The input string is mix of some text with valid JSON:
<!DOCTYPE HTML PUBLIC "-//W3C//DTD HTML 4.0 Transitional//EN">
<TITLE>Title</TITLE>
<META http-equiv="Content-Type" content="text/html; charset=UTF-8" />
<META HTTP-EQUIV="Content-language" CONTENT="en">
<META HTTP-EQUIV="keywords" CONTENT="search words">
<META HTTP-EQUIV="Expires" CONTENT="0">
<script SRC="include/datepicker.js" LANGUAGE="JavaScript" TYPE="text/javascript"></script>
<script SRC="include/jsfunctions.js" LANGUAGE="JavaScript" TYPE="text/javascript"></script>
<link REL="stylesheet" TYPE="text/css" HREF="css/datepicker.css">
<script language="javascript" type="text/javascript">
function limitText(limitField, limitCount, limitNum) {
if (limitField.value.length > limitNum) {
limitField.value = limitField.value.substring(0, limitNum);
} else {
limitCount.value = limitNum - limitField.value.length;
}
}
</script>
{"List":[{"ID":"175114","Number":"28992"]}
The task is to deserialize the JSON part of it into some object.

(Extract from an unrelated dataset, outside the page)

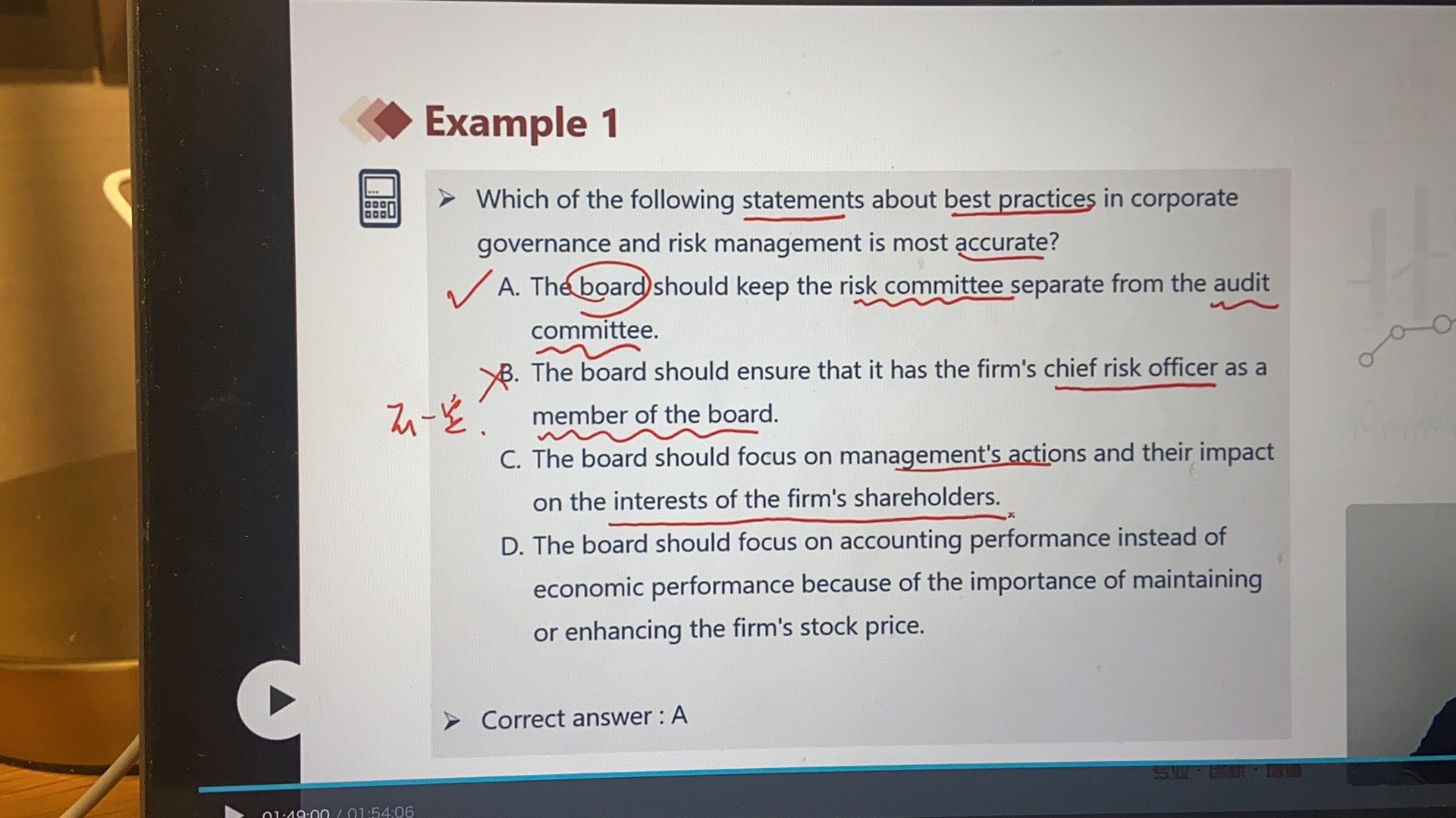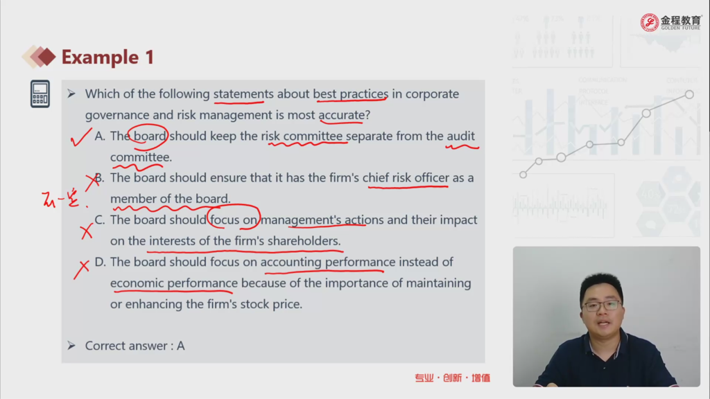 这个C选项老师翻译下来理解这还是很困难,董事会关注高级管理层的行为就是为了纠正他们的行为啊。这个focus on 跟纠正行为不冲突吧?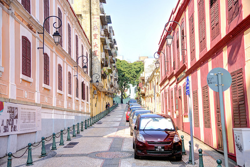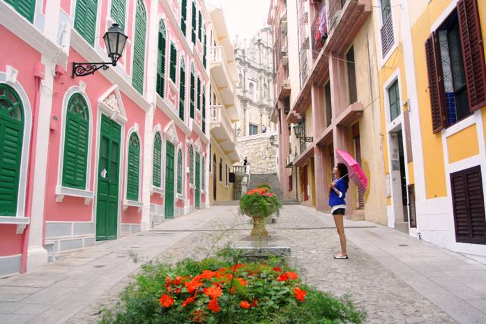 位於澳門最出名的古蹟大三巴牌坊旁,巷子中有一排建於19世紀的葡式樓房,粉紅色、鵝黃色的牆面,搭配白色邊框、綠色木製百葉窗,編織出有如愛情的夢幻感。

The string can begin with some text, but it surely contains the valid JSON. I've tried to use JSON validation REGEX, but there was a problem parsing such pattern in .NET.
So in the end I'd wanted to get only:
{
"List": [{
"ID": "175114",
"Number": "28992"
}]
}
Clarification 1:
There is only single JSON object in whole the messy string, but the text can contain {}(its actually HTML and can contain javascripts with <script> function(){..... )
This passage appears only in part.